Four Maryland consumers, Ricky Henson, Ian Glover, Karen Pacouloute, and Paulette House, each entered into a retail installment sales contract with CitiFinancial Auto Credit, Inc. or one of its affiliates to finance an automobile purchase, and all four subsequently defaulted. On December 1, 2011, Santander Consumer USA, Inc., (“Santander”) purchased $3.55 billion in loan receivables, including the plaintiff’s defaulted loans, from Citifinancial Autos Credit, Inc., and thereafter began to try to collect on those debts. In November 2012, the four consumers brought action againsts Santander, alledging that Santander attempted to collect the debts in a manner which violated the Fair Debt Collection Practices Act (“FDCPA”). When the district court dismissed the claims against Santander on the ground that the complaint failed to demonstrate that Santander engaged in the alleged collection practices as a “debt collector,” as required to bring an FDCPA claim, the four plaintiffs appealed.

In their appeal, the plaintiffs argue that the default status of the debt is determinative of whether a debt purchaser is a “debt collector” or a “creditor.” Their argument is based on language found in the exclusion to the definition of “creditor” in § 1692a(4) of Title 15 of the United States Code, as well as language used in the exclusions to the definition of “debt collector” found in the § 1692a(6)(F), which both specifically reference whether or not the debt is in default when it is transferred. The Court, however, found this interpretation to be logically flawed and contrary to the plain text of the statute. According to the Court, the plaintiffs’ first error is in looking to the exclusions without first considering the statutory definitions in the main text. Instead, the structure of § 1692a(6) clearly indicates that any assessment as to whether a person is a “debt collector” must first determine whether that person satisfies the definitions in the main text before considering the exclusions found in subsequent subsections, and if that person does not fall under one of those definitions, the exclusions need not be considered at all.
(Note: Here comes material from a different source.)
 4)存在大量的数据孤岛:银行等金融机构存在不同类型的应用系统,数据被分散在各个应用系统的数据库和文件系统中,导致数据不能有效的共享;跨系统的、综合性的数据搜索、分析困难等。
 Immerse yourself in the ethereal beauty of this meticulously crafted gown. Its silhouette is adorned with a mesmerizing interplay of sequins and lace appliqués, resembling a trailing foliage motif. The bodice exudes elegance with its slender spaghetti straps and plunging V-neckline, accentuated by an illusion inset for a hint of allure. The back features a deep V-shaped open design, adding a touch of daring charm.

It follows then, that the material distinction is whether Santander is a “creditor” or a “debt collector” the collection of the debt is for itself or on the behalf of others, respectively.
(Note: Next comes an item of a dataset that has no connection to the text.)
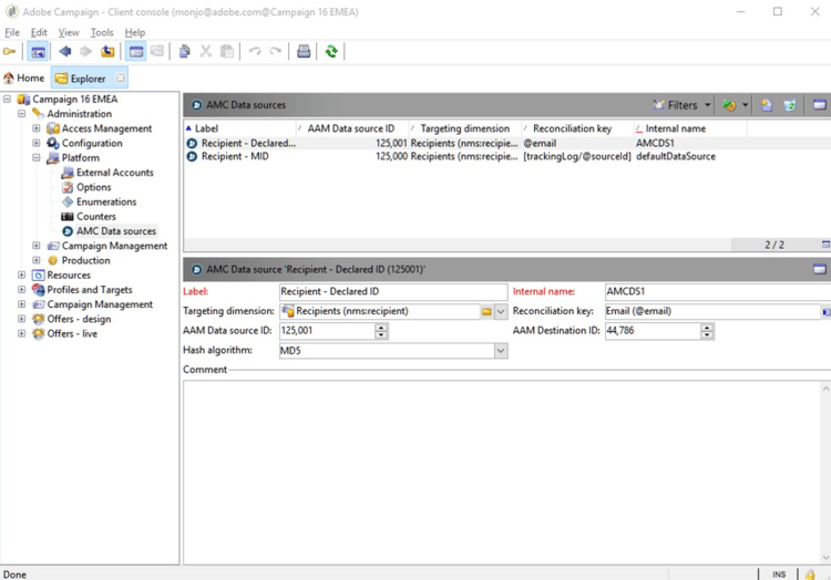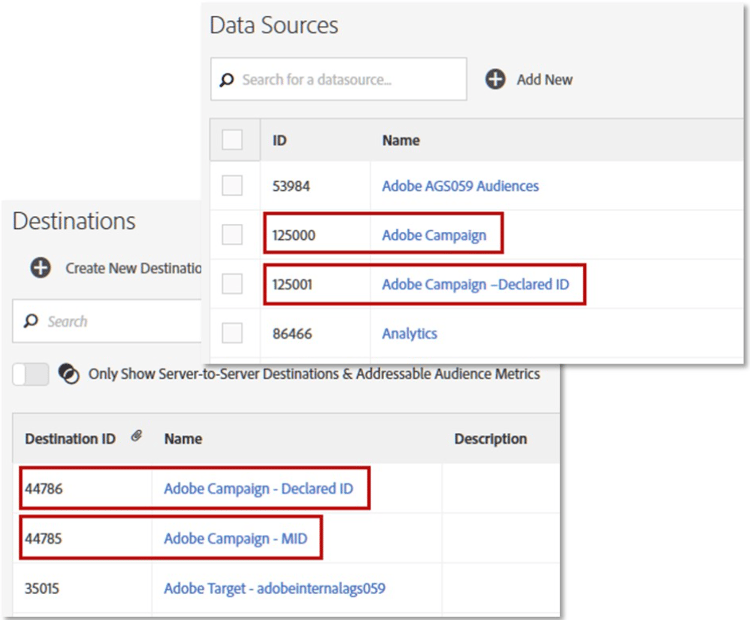 然後會在Adobe Campaign中設定資料來源。將在Adobe Campaign UI中建立兩個資料來源:一個以宣告ID或雜湊客戶ID為基礎,另一個以Marketing Cloud ID或請求者UUID為基礎。與每個ID對應的目的地ID會新增至個別欄位。例如,AAM目的地Adobe Campaign — 宣告ID的目的地ID會以調解金鑰作為雜湊客戶ID新增至資料來源設定中。 ​8. 追蹤網站上的使用者行為。

Applying this interpretation to the alleged facts, the Court found that the plaintiffs’ complaint failed to show that Santander satisfied any of the three statutory definitions of a “debt collector,” because it instead showed that: Santander’s principal business was as a consumer finance company, not to collect debt; Santander was not using a name other than its own to collect debt; and Santander was collecting debt owed to it because it became the entity to which the debt was owed when it purchased the plaintiff’s debts. Thus, according to the Court, the analysis should end there, regardless of the default status of the debts. Consequently, because the plaintiffs failed to demonstrate that Santander was a debt collector as defined in § 1692(a) at the time it was collecting on the plaintiffs’ debts, the Court affirmed the district court’s dismissal of the claims.